As the nation marks the 50th anniversary of the first ground troops in Vietnam, one Army squad leader said it’s been a long time since anyone has called him a baby killer, murderer or rapist.”It was not a very good time, and a lot of us just buried the whole thing in the back of our minds for years because we were not appreciated,” said Wally Collins, one of about 150 people who attended a Memorial Day service at the Orange County Courthouse on Monday.
“Honestly? We felt dirty,” said Collins, of Orlando.
Family members, veterans, politicians and other with ties to conflicts going back to World War II gathered at a sun-filled courtyard framed by black-stone walls etched with the names of hundreds of soldiers who died in any of nine incursions.

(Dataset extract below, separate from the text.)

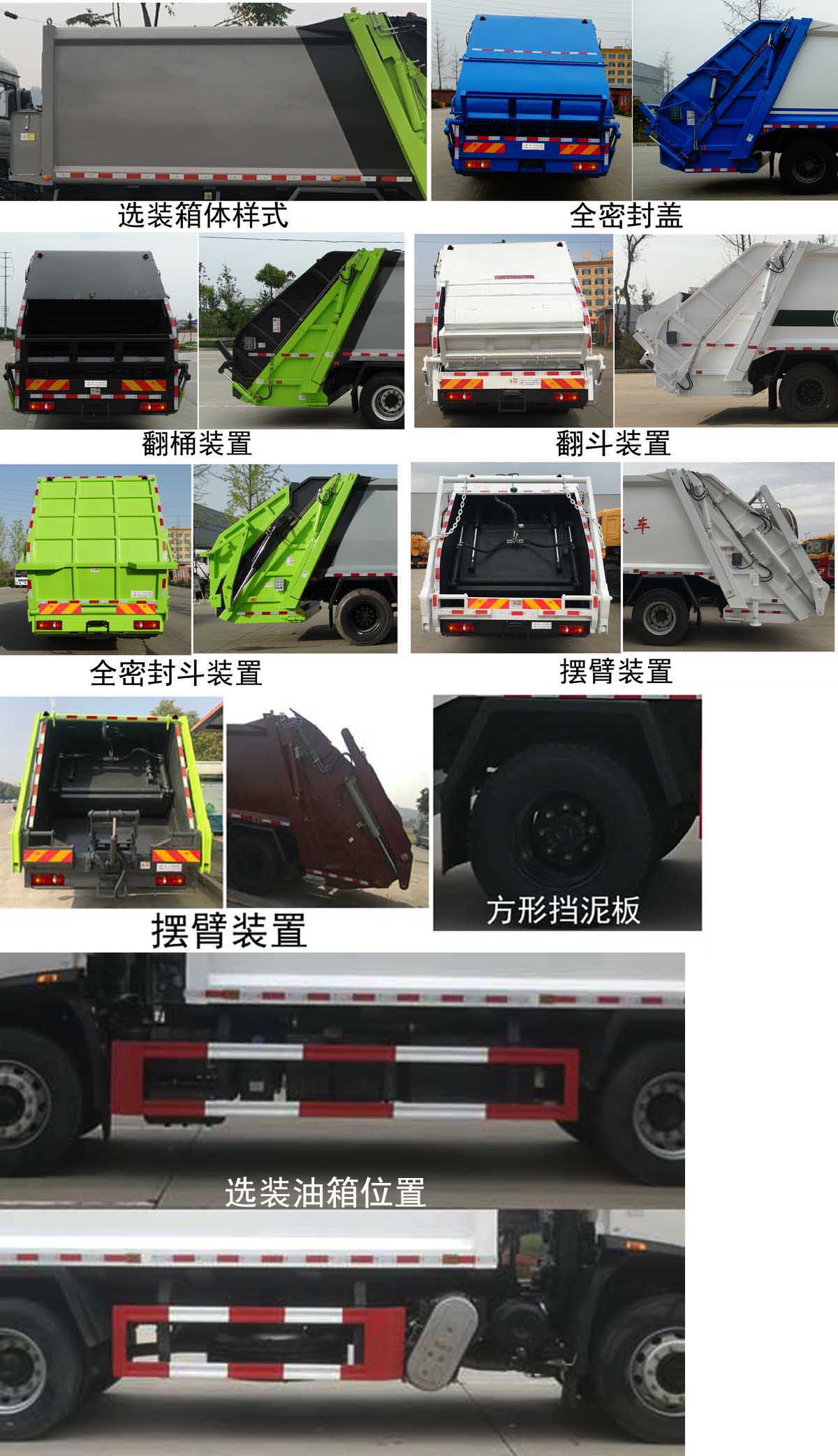 | 配置 | 1、該車(chē)主要專用裝置由箱體、壓縮系統(tǒng)組成,用于垃圾的收集與清運(yùn)。該車(chē)可選裝方形或弧形箱體,選裝全密封蓋裝置,選裝方形擋泥板,選裝后部工作裝置,選裝側(cè)防護(hù)樣式。選裝工作裝置時(shí)外形長(zhǎng)/前懸/軸距/后伸對(duì)應(yīng)關(guān)系為(mm):①無(wú)上料裝置:8670/1400/4500/-;8700/1430/4500/-;8870/1400/4700/-;8900/1430/4700/-;②全密封斗裝置和擺臂裝置:8870/1400/4500/200;8900/1430/4500/200;9070/1400/4700/200;9100/1430/4700/200;③翻桶裝置和翻斗裝置:9070/1400/4500/400;9100/1430/4500/400;9270/1400/4700/400;9300/1430/4700/400。僅采用4500mm,4700mm軸距。2、側(cè)防護(hù)采用冷彎型鋼/Q235,螺栓連接;后防護(hù)由專用裝置替代,下邊緣離地高:500mm。3、隨底盤(pán)選裝高度不同的駕駛室;選裝前霧燈;選裝駕駛室頂部裝飾燈;選裝駕駛室前面罩;選裝前保險(xiǎn)杠及前部燈具,駕駛室前臉擾流罩為選裝件;駕駛室臥鋪側(cè)窗選裝裝飾板;選裝油箱安裝位置,選裝踏步結(jié)構(gòu)。安裝帶有衛(wèi)星定位功能的行駛記錄儀。ABS型號(hào)/生產(chǎn)廠家:3631010-C2000/東科克諾爾商用車(chē)制動(dòng)系統(tǒng)(十堰)有限公司,ABS 8/東科克諾爾商用車(chē)制動(dòng)系統(tǒng)(十堰)有限公司, 4460046450/威伯科汽車(chē)**系統(tǒng)(**)有限公司。采用的發(fā)動(dòng)機(jī)與油耗值對(duì)應(yīng)關(guān)系為(L/100Km):DDi50E190-60/23.9,D4.5NS6B190/24.4,D6.7NS6B230/23.7,B6.2NS6B210/23.8,B6.2NS6B230/23.8。 | ||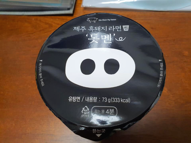 돗멘 컵라면 위에서 본 모습입니다. 흑돼지 모습으로 형상화하여 돼지 콧구멍이 보입니다.

More than 160 of the names belonged to former Orange County residents who served in one of the nation’s most controversial wars — Vietnam.
Keynote speaker Warren Hudson, a former Navy swiftboat captain in Vietnam, told the crowd that public perception of the Vietnam War is wrong because many believe that America was defeated in its mission to keep Communist control out of South Vietnam.

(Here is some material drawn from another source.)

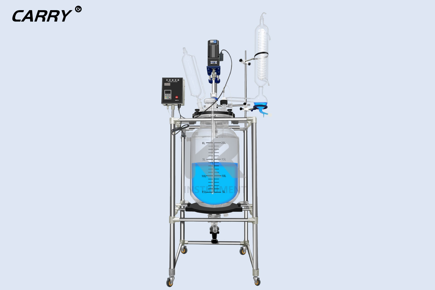 50L雙層玻璃反應(yīng)釜具有電動恒速攪拌系統(tǒng)、冷凝、滴加系統(tǒng),釜體夾層需外接...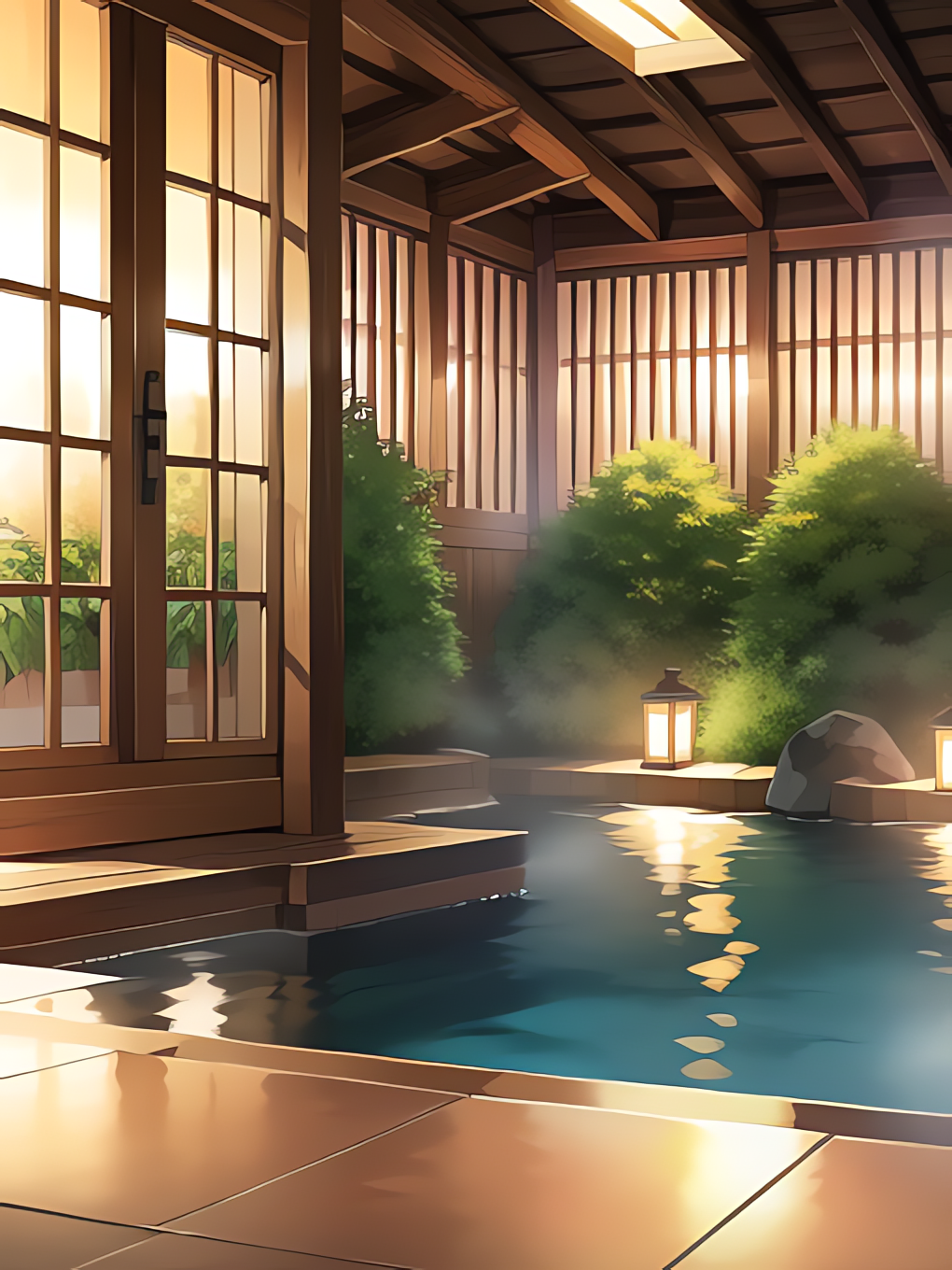 俺は温泉をみて感動した。和風の温泉が目の前に広がる。

“Critics said it was an unjust war,” said Hudson, president of Lake Highland Preparatory School. “But our military was never defeated in the air, never defeated by sea and never defeated on land. The sad truth is that we just gave up, as a people.”

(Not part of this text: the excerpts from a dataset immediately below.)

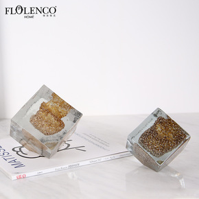 现代简约手工玻璃琥珀方体创意摆件时尚家居样板房客厅...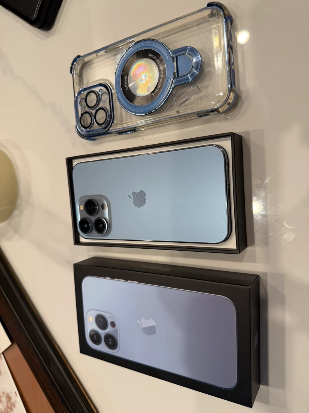 Selling my iPhone 13 Pro Max! It's in great condition and comes with the original box. Also included is a clear blue phone case to keep it protected. Feel free to ask any questions!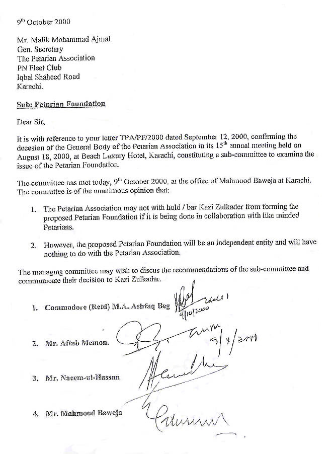TPA letter of no objection on formation of Petarian Foundation

Hudson recounted stories including the capture of former Floridian George Everett “Bud” Day, a Medal of Honor recipient who was shot down on his 65th mission into North Vietnam. Hudson described Day’s 20-mile crawl, with a leg broken in three places, and then his capture by the enemy. Day, who died in 2013, was nursed back to health by cellmate John McCain, a Republican U.S. senator and former presidential candidate.
“These are the stories we need to tell and retell our children,” he said.
Hudson spoke of the historic divide between the military and anti-Vietnam War protesters, including actress Jane Fonda. She has since said she regrets anything she did to portray that she didn’t support the U.S. military.
Wearing his decorated Naval dress whites, Hudson told the audience that he once taught classes about the Vietnam War at Tulane University and began the semester with a fictional joke about former President Bill Clinton appointing Fonda to a diplomatic role in the country “but Teddy Kennedy was driving her to the airport.”
Audience members got the joke, including a man with a leather motorcycle vest emblazoned with a patch reading, “[Expletive] you Jane.”
But Hudson said few of his students got the joke because they knew nothing of either Fonda or of Kennedy’s Chappaquiddick Island driving crash in 1969 during which a young woman died. Students’ lack of knowledge about historic events underscores the need to educate them about their nation’s military heroes, he said.
Veterans’ sacrifices from other wars were mentioned during the ceremony but Vietnam was the primary focus.
Sitting in chairs near the back of the audience, Terry Cravey, 60, talked before the service of the day her grandfather picked her up from middle school in west Orlando only to tell her that her father’s military plane had been shot down in Vietnam. At the time, she was 14 and her father was 40.
“He said there were no survivors and I asked, ‘How’s my Dad?” said the Orlando resident. “That’s all I remember.”
Following the service, Orlando transplant Luis Boria, 88, said he served in World War II when he was just 16 and then also in Korea as a Marine. Despite the challenges of war, he said, it was losing his son in the Vietnam War that was one of his life’s greatest hardships. The draft-dodging sentiment of the time made the loss more difficult, he added.
“Four families on my block in New York sent their sons to Canada — four of them,” said Boria, father of four Marines.
And Collins, wearing a fatigue-green T-shirt , said the pain of Vietnam has subsided. He said he’s been able to revisit the memories of war and his re-entry home. “I think time heals everything,” he said.